Because the same impression can come through exchange channels five or 10 times, leading to price increases, DataXu is revisiting how it accesses publishers, said company co-founder and CTO Bill Simmons.
“DSPs like DataXu need to strike preferred partnerships with preferred exchanges and require them to send publisher inventory through the exchange only once – while blacklisting it from other exchanges,” Simmons said.

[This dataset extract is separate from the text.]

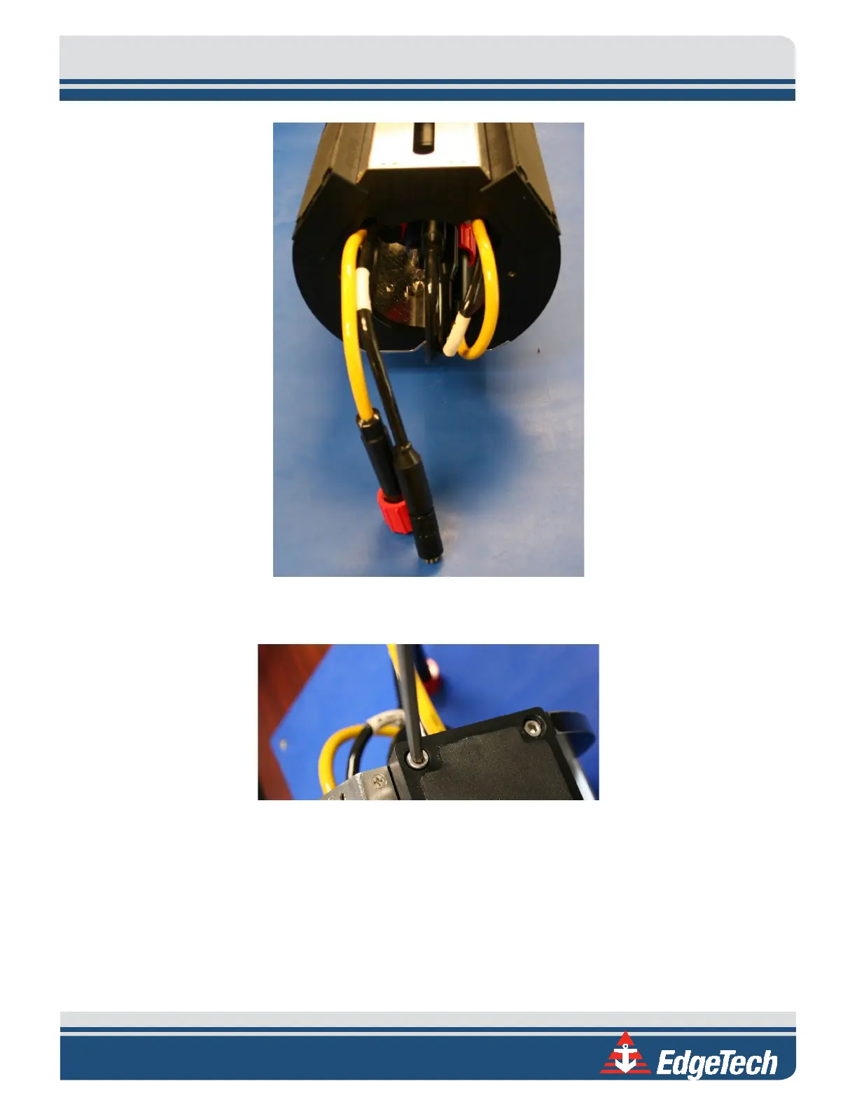 Edgetech 6205S - Figure 5-10: Remove the [6] Cap Screws; Figure 5-9: the Disconnected Bathymetry and Side Scan Sonar Cables

That way they can avoid the waste of bidding against themselves.
Similarly, Criteo is going to withdraw demand from SSPs because of header bidding. “We will have more incentive to run direct deals,” Wyatt said.
GroupM Connect, which already focuses on private marketplaces and works closely with publishers, hasn’t changed its strategy, Kowan said. When it sees strong performance from a header tag in an open exchange, it uses that as a conversation to start a direct integration.
Kowan is not surprised to see more DSPs go GroupM Connect’s route and focus on curating supply instead of fishing in the open exchanges.
“DSPs [are] starting to pivot and go the direction we have and build direct relationships with the publisher. They realized that these open exchanges are not what they are cracked up to be,” Kowan said.
Agencies can curate header bidding supply more manually, too, on a campaign-by-campaign basis. The independent agency PMG pays close attention to which publishers have header bidding integrations, because these setups improve reach.
When it assembles a media plan, PMG will consult with its DSP and target spend toward publishers running header bidding. “We are always trying to figure out a way to buy qualified, good inventory,” explained media operations director Cristina Freeman. Header bidding simplifies that process.
Plus, the company doesn’t have to deal with the hassle of setting up private marketplaces. That said, it’s receptive to publishers who reach out and want to establish a direct relationship if a PMG client is buying a lot of inventory through the header.
But not everyone likes the idea of buyers focusing on differentiated supply. ChoiceStream staffs a small publisher acquisition team to make sure it can access enough of quality publishers’ inventory programmatically. But it doesn’t like it.
“It’s disheartening, because it’s back to unautomated,” Bosco said. Establishing direct relationships with publishers creates “essentially an old-school ad network.” He prefers focusing on tech over supply. “Fundamentally, you can differentiate yourself on inventory or data. We picked the data front.”
DSPs moving into the territory of SSPs worries Friedman. Although some could be lured by access to unique supply, publishers technologically need to limit total partnerships.
“I prefer a hard line between the buy side and the sell side,” Friedman said. “I would not want my DSP having a header tag and having that direct relationship with the publisher. That goes over the line for a lot of folks.”
Whatever the outcome, header bidding is ushering in a stage of transition for buyers and sellers as they figure out what to do as their access to each other improves, but via another imperfect method.